Thank you, yes you are right, I should have checked my WB etc. The mixed lighting makes it tricky, but I will correct them in the next couple of days.


----------



## goooner (Dec 15, 2016)

So to continue with the rest of the Gorilla group, the boss, and another female still nursing a young one.
#7


 
#8


 
#9


 
#10


----------



## baturn (Dec 15, 2016)

Great stuff all!


----------



## jcdeboever (Dec 15, 2016)

Fantastic. Excellent composition in #3. Beautiful.

Sent from my XT1254 using ThePhotoForum.com mobile app


----------



## DarkShadow (Dec 15, 2016)

Very nice set.


----------



## goooner (Dec 16, 2016)

baturn said:


> Great stuff all!





jcdeboever said:


> Fantastic. Excellent composition in #3. Beautiful.
> 
> Sent from my XT1254 using ThePhotoForum.com mobile app





DarkShadow said:


> Very nice set.



Thank you.


----------



## goooner (Dec 19, 2016)

Continuing in the great ape enclosure, here are some Urang Utans from Sumatra...
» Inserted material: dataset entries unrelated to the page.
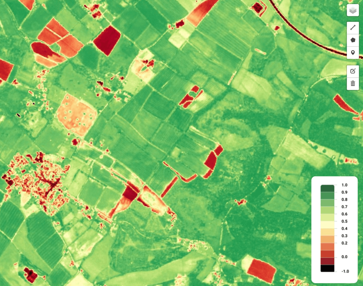 The normalized difference vegetation index (NDVI) was developed in the 1970s. It is commonly used to analyze multispectral satellite images. The objective is to create crop health maps and define management zones.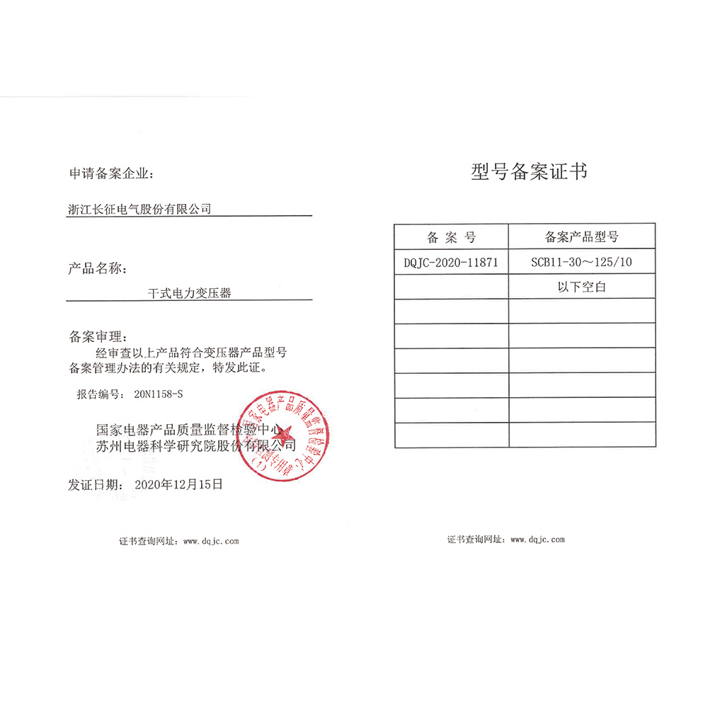 SCB11-30~125/10干式电力变压器 型号备案证书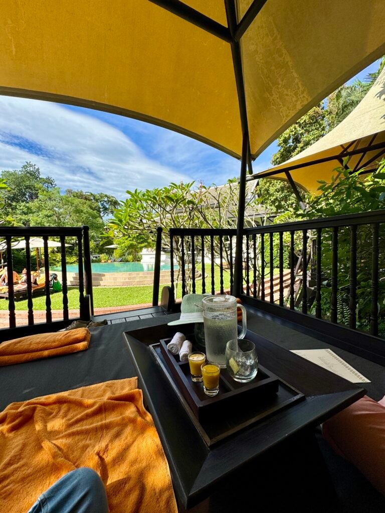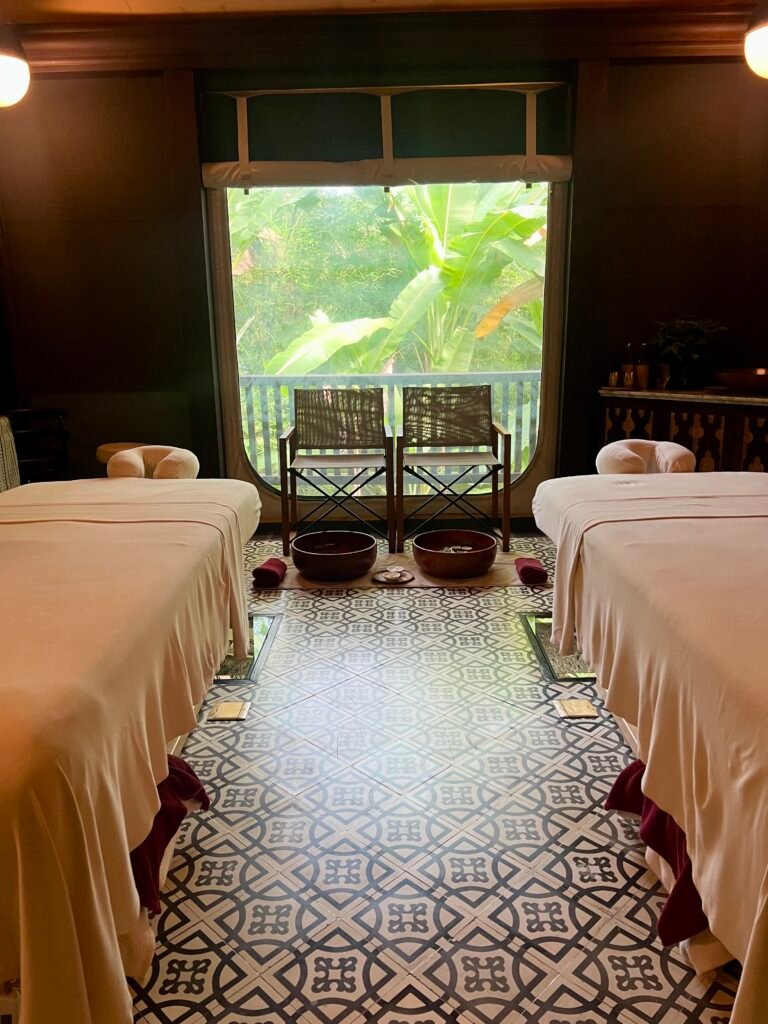 The staff escorted us to our couples’ spa room. The beds featured a glass floor panel offering views of the river flowing below—complete with the occasional surprise visitor, like the snakes we spotted half-way through our treatment! The combination of jungle sounds, flowing water, and expert treatments created a deeply calming experience. In fact, it came a close second to the Alila Jabal Akhdar spa in the mountains, one of the most memorable spa experiences we’ve ever had.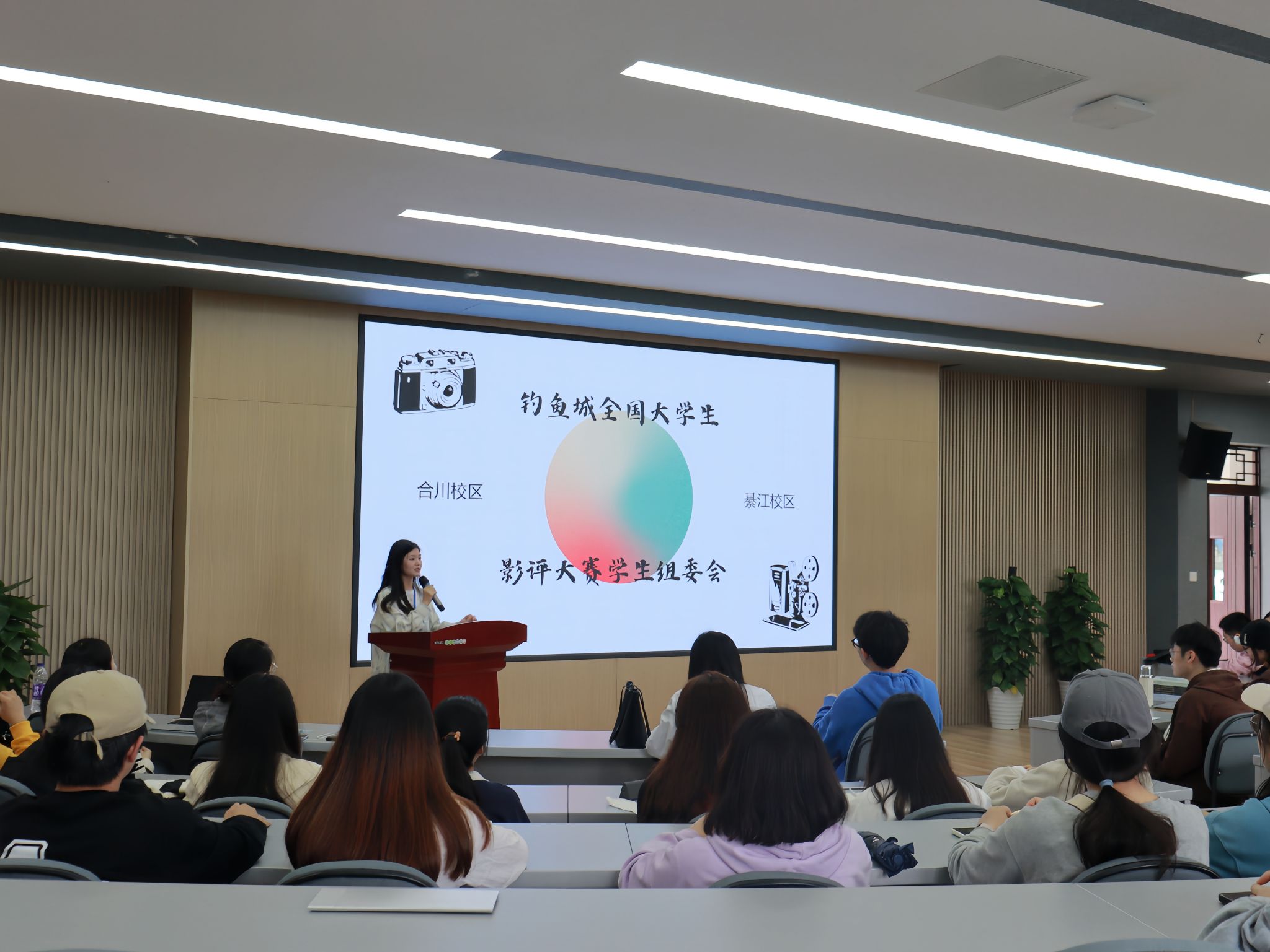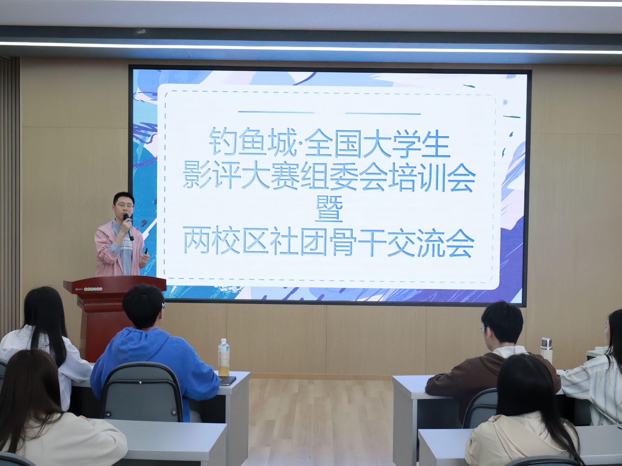 组委会总负责人钟家治老师对本次见面会进行了简单介绍,电影评论中心的各位指导老师也一一与同学们见面,本次培训会还邀请到合川校区电影协会优秀社团骨干与同学们进行交流。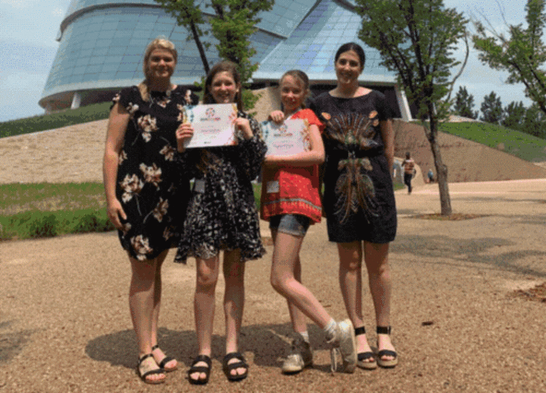 Les œuvres artistiques de Sophie Wilson et Nève Griffiths, élèves de 6e année à l’École élémentaire Pierre-Elliott-Trudeau, ont fait partie des douze projets gagnant du concours Imaginez le Canada, organisé par le Centre national de la vérité et réconciliationopen_in_newCe lien s'ouvrira dans une nouvelle fenêtre. Les élèves ont eu l'occasion de prendre part à une cérémonie nationale qui s'est déroulée le vendredi 9 juin dernier au Musée des droits de la personne, situé à Winnipeg, dans la province du Manitoba. Durant cet événement, les élèves ont eu l'opportunité de présenter leurs créations artistiques ainsi que le message de réconciliation qui les accompagnait.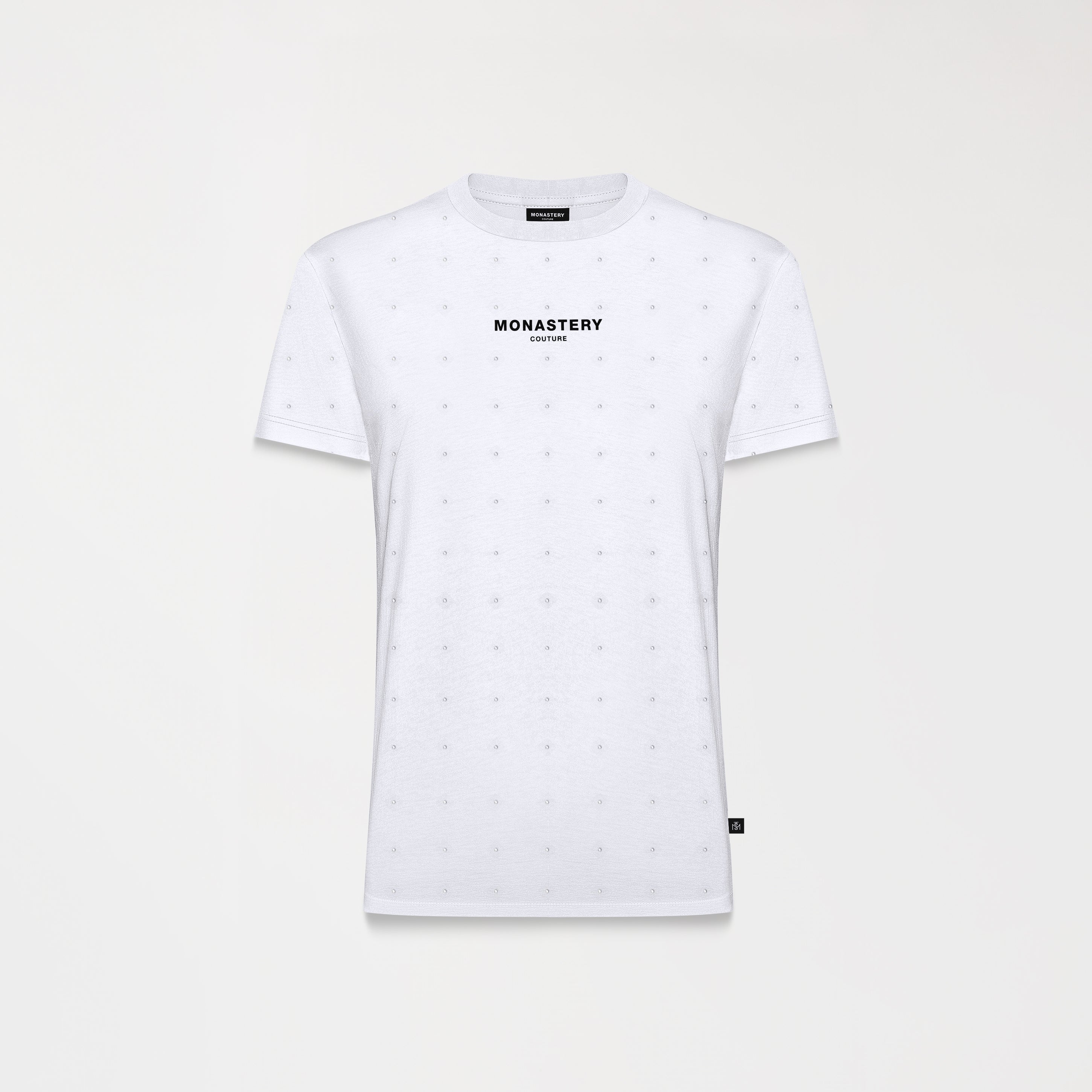 A feminine T-shirt crafted in a small silhouette designed to highlight the feminine figure through its fresh, fitted textile base. Qylla is a design featuring crystals continuously applied throughout the garment, precisely arranged to create a dynamic effect. It features the Monastery Couture logo in the center front using a transfer technique, which reinforces the visual contrast without detracting from the design. The back features signature artwork in a flat print, perfect for a striking elegance.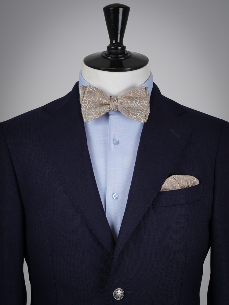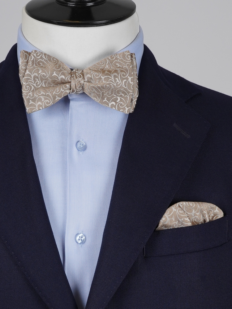 Aranybézs önkötő selyem csokornyakkendő díszzsebkendővel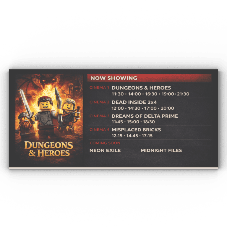 Eine große bedruckte 8×16 Klemmbaustein-Fliese (ca. 6,4 auf 12,8 cm) aus unserer “Kino” Reihe, geeignet für viele verschiedene Szenarien.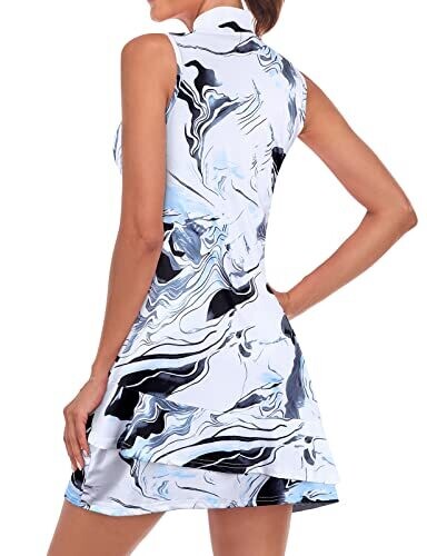 A sleeveless golf dress for women with built-in shorts and pockets, featuring a ruffle detail and a zip-up stand collar. This golf outfit offers functional storage and a stylish ink-wash painting-inspired look in a medium size.

#11 The boss chilling after feeding time



 

#12


 

#13


----------



## FITBMX (Dec 19, 2016)

Keep posting them, these are great!


----------



## goooner (Dec 19, 2016)

FITBMX said:


> Keep posting them, these are great!


Will do, still have quite a few to edit. Might even have a fish or 2 in there for you


----------



## goooner (Dec 20, 2016)

A few reptiles next, think its called a stumpnose croc, a young Komodo dragon, and some green lizard/iguana...
#14




#15




#16


----------



## goooner (Dec 27, 2016)

So after seeing Robbins's great aquarium shots I played around with a few tat came out okayish. Not sure about the species. All shot with the Tammy 70-200, exif data should be intact. 
#17


 

#18


 

#19


----------



## robbins.photo (Dec 27, 2016)

Sweet..love the last one in particular.  The colors are brilliant!


----------



## goooner (Dec 27, 2016)

robbins.photo said:


> Sweet..love the last one in particular.  The colors are brilliant!


Thanks, would have loved to get the tip of his mouth sharp as well, but beggars can't be choosers, I suppose.


----------